A senior deacon with a faith-based think tank will be in Langley tackling what he calls the “erosion” of religious liberty during an upcoming lecture.
For the past 18 years now, Trinity Western University has hosted the annual Mel Smith Lecture each spring. By inviting Dr. Andrew Bennett this time, organizers are hoping to attract more than 100 to hear him speak.
Bennett is an ordained Ukrainian Greek-Catholic deacon from Eastern Canada who currently serves as the program director at Cardus Law, an organization looking at the role of law in society – with particular focus on religious freedom in Canada.
He served as Canada’s first ambassador for religious freedoms and is widely recognized as an authority on the matter, said Nick Loenen, chair of the Mel Smith scholarship and lecture committee.
“Religious liberty is of current interest… As you may know, the Supreme Court of Canada is currently considering whether Trinity Western University can maintain its distinctive Christian character, unhindered,” Loenen explained.
“In addition, the federal government has recently adjusted the eligibility criteria for the summer jobs funding program, whereby it seems pro-life organizations might well be excluded,” he said, adding that the federal Liberal party also disqualifies pro-lifers as party candidates.
“Last year in parliament a standing committee’s chair was removed because [of] the person’s pro-life beliefs, and the Governor General publicly mocked Christian beliefs and was then defended by the prime minister. Such developments raise questions regarding the prime minister’s call to respect diversity,” said Loenen, who was a politician himself.
He served as a Social Credit MLA in Richmond and has been active in lobbying for electoral reform including the push for proportional representation.
“Bennett is one of Canada’s foremost authorities on the sometimes difficult questions of religious liberty, said Loenen, who’s also a political author. “We are honoured to have him as guest speaker and look forward to his views.”
Faith and citizenship
TWU prof Paul Rowe “appreciates” the way that Dr. Bennett is able to bring a global perspective to the analysis of faith and citizenship.
“He brings to the topic his experience of working with multiple faith traditions across several continents,” added Rowe, who heads up political and international studies at Trinity.
“As a man of faith, he brought empathy and insight to his former role as ambassador for international religious freedom. In his work with Cardus, Dr. Bennett continues to draw attention to issues of religious freedom and public policy that are a common concern to people of faith across Canada.”
Rowe concluded: “As a faith-based institution, Trinity Western University has a vested interest in raising public awareness of this topic. At a time when politicians of all stripes have engaged in missteps on the file of religion and public life, he brings an important perspective on the topic.”
Bennett’s lecture, the Christian and the Public Square: Truth and the Messy Business of Citizenship, is being held Friday, March 9 at TWU’s Northwest Building Auditorium at 7 p.m.

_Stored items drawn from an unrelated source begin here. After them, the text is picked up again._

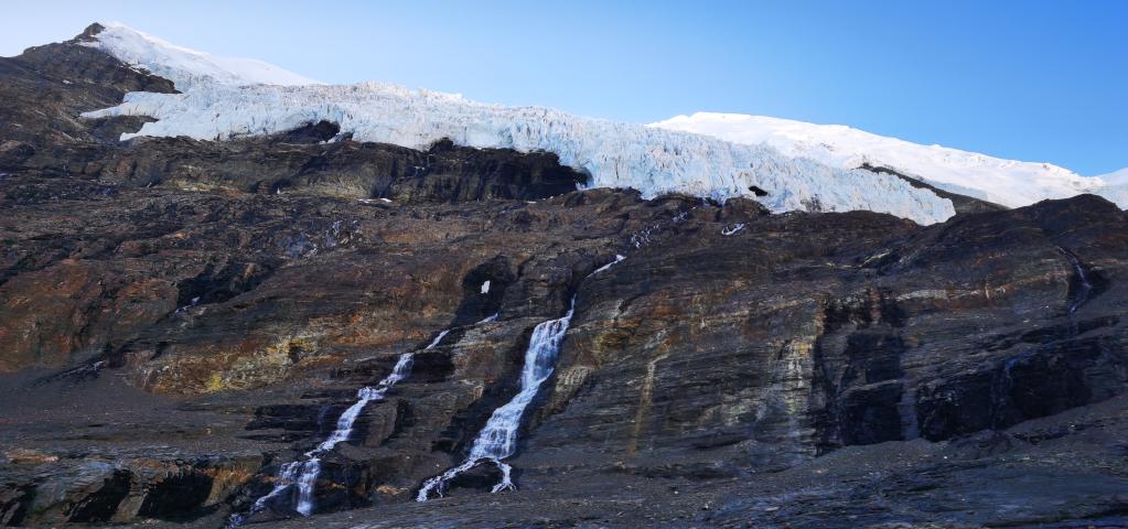 這是位于山南市浪卡子縣的卡若拉冰川,冰川融水形成河流(6月3日攝,無(wú)人機(jī)照片)。新華社記者 沈虹冰 攝
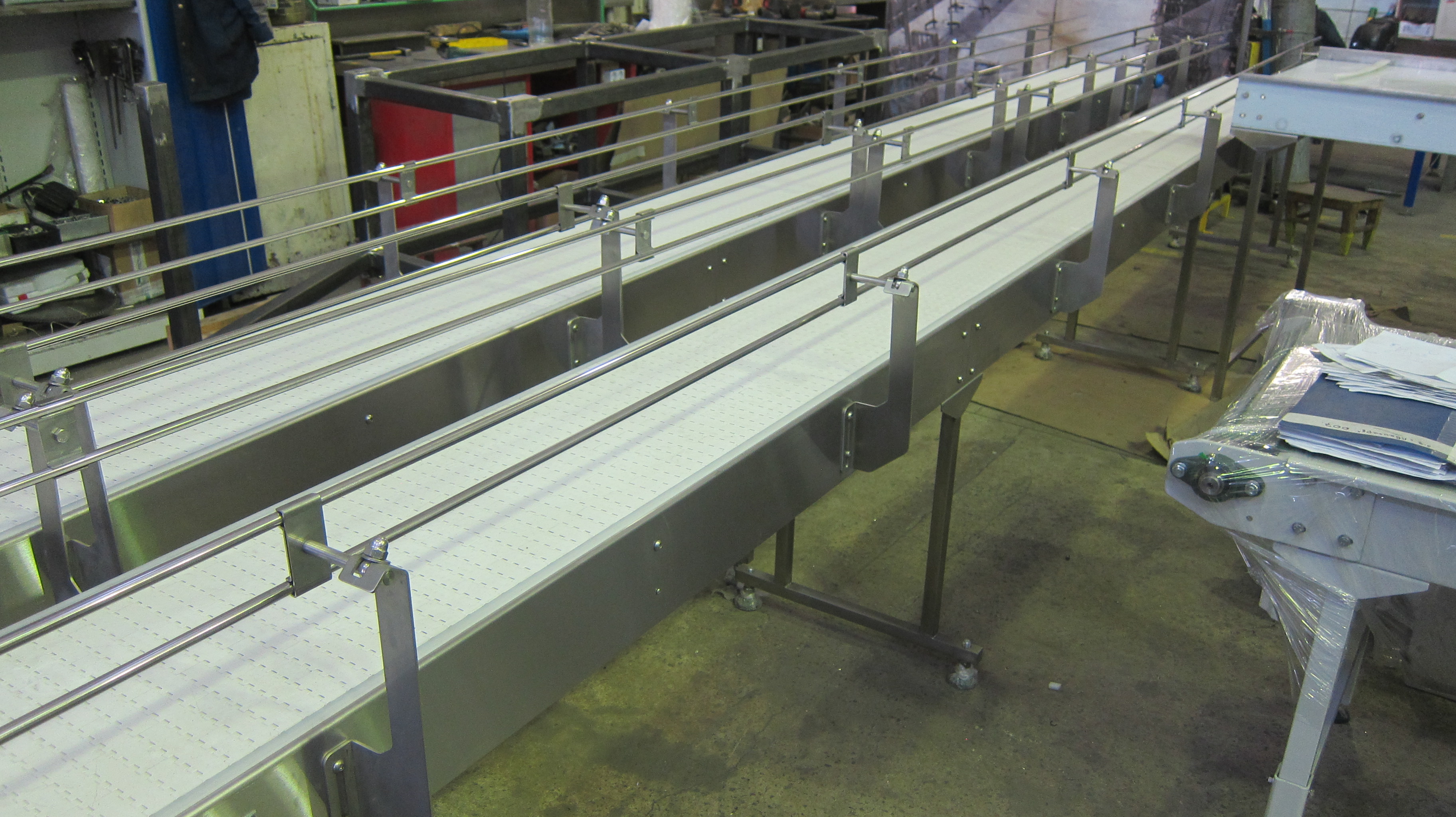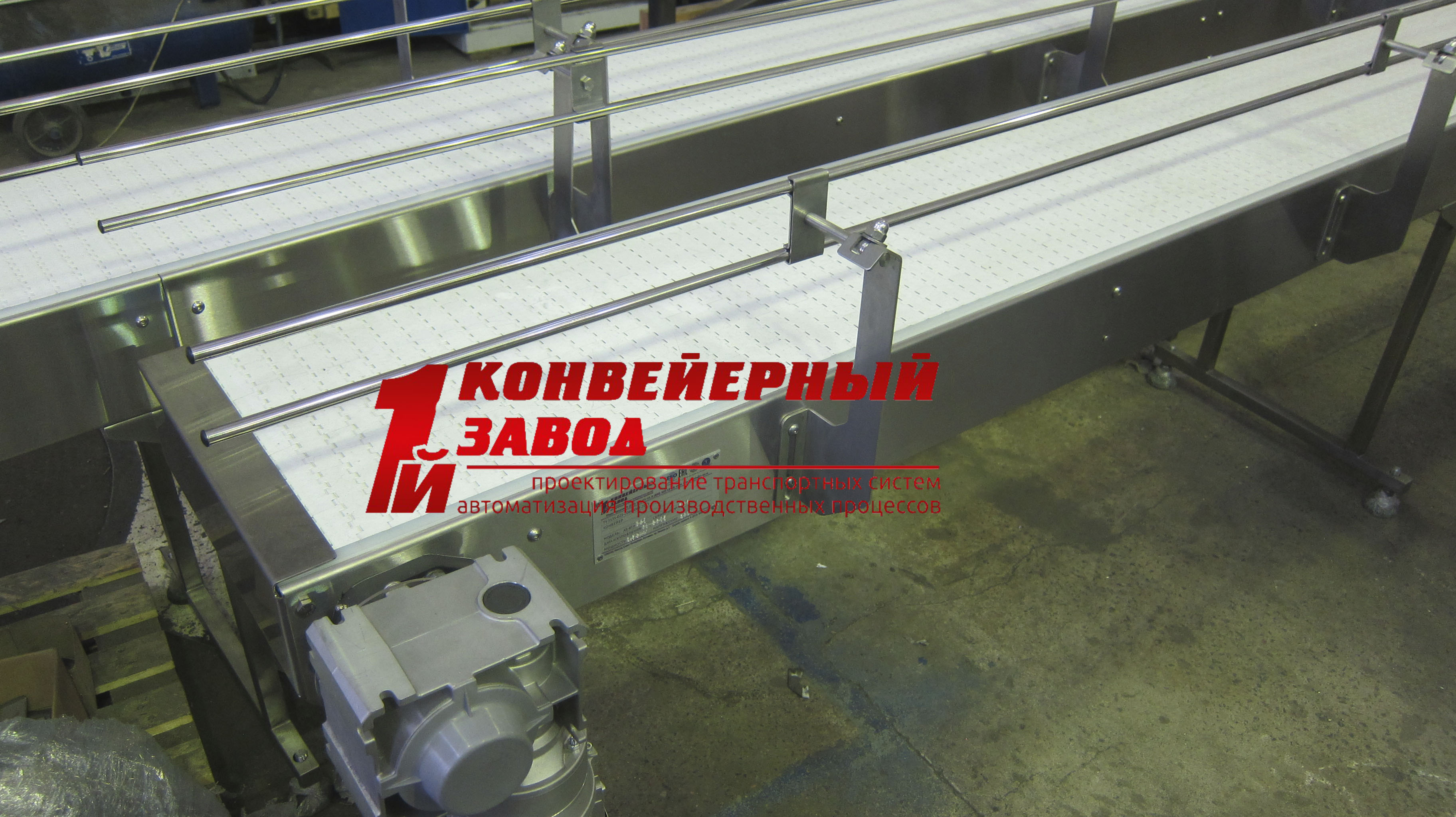 Описание проекта: Для накопления ПЭТ бутылок после линии розлива, Заказчику изготовлены 2 конвейера с модульной лентой. Длина конвейеров 6 и 8 метров, ширина ленты 350мм. Изготовлены конвейеры из нержавеющей стали, с двух сторон кронштейны ограждения высотой 200мм, приводы 0,75 кВт (Германия), скорость движения ленты 12 м/мин.
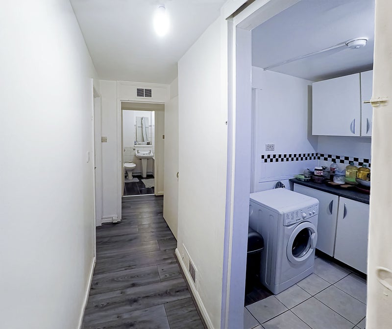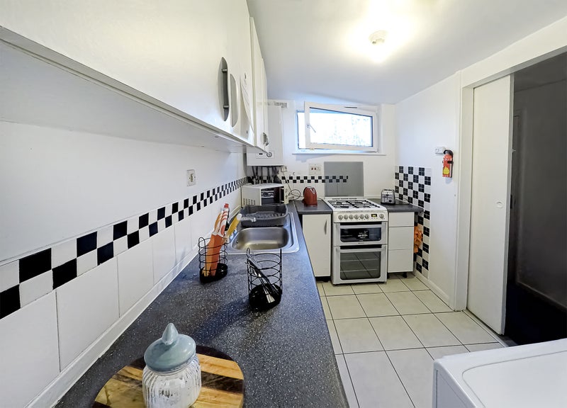 Functional kitchen with plenty of cupboards, gas hob & washing machine

The event typically attracts 40 to 50 people, a mixture of students and public from throughout Greater Vancouver and the Fraser Valley, said Lloyd Mackey, one of the past speakers and promoter of this year’s lecture.
“It is hoped that with Andrew Bennett and the Cardus link, that there will be a new pool of people who Carus has been able to cultivate through their Faith in Canada project” who come out for the lecture, Mackey added.
In earlier years, the event attracted as many as 100 people with past speakers including Ralph Klein, Bill Blaikie, Rafe Mair, Preston Manning, Cuck Strahl, and most recently Troy Lanigan.
Thise event will also feature the awarding of the most recent Mel Smith scholarship winner, an award presented to a TWU student of “exceptional” academic ability who is majoring in Canadian history or political science.
Admission is free, and a reception will follow.
Remembering Mel Smith
In addition to the annual lecture and scholarship, TWU also honours Mel Smith by archiving some of his work.
The Mel Smith Special Collection – chronicling federal-provincial relations during the crucial period 1967 to 1992 – is housed in TWU’s archives and includes a comprehensive set of professional and personal constitutional papers.